The purpose of this paper is to seek a method for solving transient heat conduction problem by using SBFEM, which not only does not increase the discretization workload, but also can improve the calculation accuracy. An increment-dimensional scaled boundary finite element method (ID-SBFEM) is proposed to solve the transient heat conduction problem.

1 SBFEM Equations of Transient Heat Conduction Problem

In Ref. [14], the SBFEM equations have been derived by transforming the governing differential equations into the scaled boundary coordinates, in which a weighted residual method and Green theorem are applied. Full details of the formulations can be found in Ref. [14]. Here some key equations of SBFE for the analysis of transient heat conduction problem without sources in frequency domain are given directly^[14].
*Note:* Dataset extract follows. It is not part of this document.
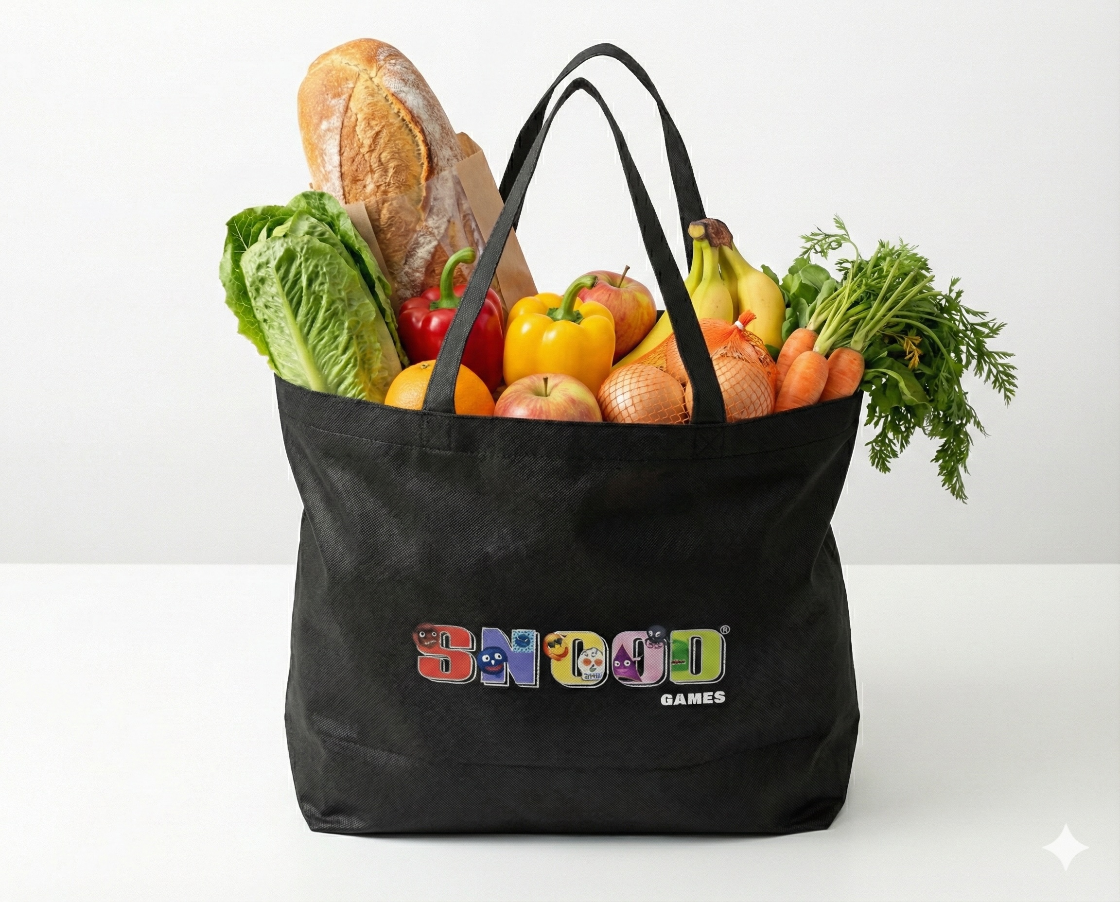 Show off all your Snood favorites with this vibrant black tote bag. With every character, a roomy main compartment, sturdy non-woven fabric, and comfortable 20-inch handles, it’s both fun and practical. Ships free in the USA!

$ \begin{array}{*{20}{c}} {{\mathit{\boldsymbol{E}}_0}{\xi ^2}\mathit{\boldsymbol{a}}{{\left( \xi \right)}_{,\xi \xi }} + \left( {{\mathit{\boldsymbol{E}}_0} + {\mathit{\boldsymbol{E}}_1}^{\rm{T}} - } \right.}\\ {\left. {{\mathit{\boldsymbol{E}}_1}} \right)\xi \mathit{\boldsymbol{a}}{{\left( \xi \right)}_{,\xi }} - \left( {{\mathit{\boldsymbol{E}}_2} + {\rm{i}}\omega {\mathit{\boldsymbol{M}}_0}{\xi ^2}} \right)\mathit{\boldsymbol{a}}\left( \xi \right) = 0} \end{array} $

(1)

where E₀, E₁, E₂, and M₀ are coefficient matrices dependent on the geometry and materials of the element, but they are independent on the normalized radial coordinate ξ. a(ξ) is nodal temperature vector, and ω is the frequency.
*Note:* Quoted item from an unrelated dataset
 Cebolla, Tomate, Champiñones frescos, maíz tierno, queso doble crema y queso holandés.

The heat flow rate on the boundary (ξ=ξ₁=1) can be expressed as^[14]

$ \begin{array}{*{20}{c}} {\int\limits_S {\mathit{\boldsymbol{N}}{{\left( s \right)}^{\rm{T}}}\left( { - {{\bar q}_n}\left( {{\xi _1},s} \right)} \right){\tau ^{{\xi _1}}}{\rm{d}}s} = }\\ {{\mathit{\boldsymbol{E}}_0}{\xi _1}\mathit{\boldsymbol{a}}\left( {{\xi _1}} \right){,_\xi } + {\mathit{\boldsymbol{E}}_1}^{\rm{T}}\mathit{\boldsymbol{a}}\left( {{\xi _1}} \right)} \end{array} $

(2)

where s is the circumferential coordinate, N(s) the shape function matrix, τ^ξ₁ the scaling factors from scaled coordinate to the Cartesian coordinate when ξ=ξ₁=1, and q_n the outer normal heat flux on the boundary.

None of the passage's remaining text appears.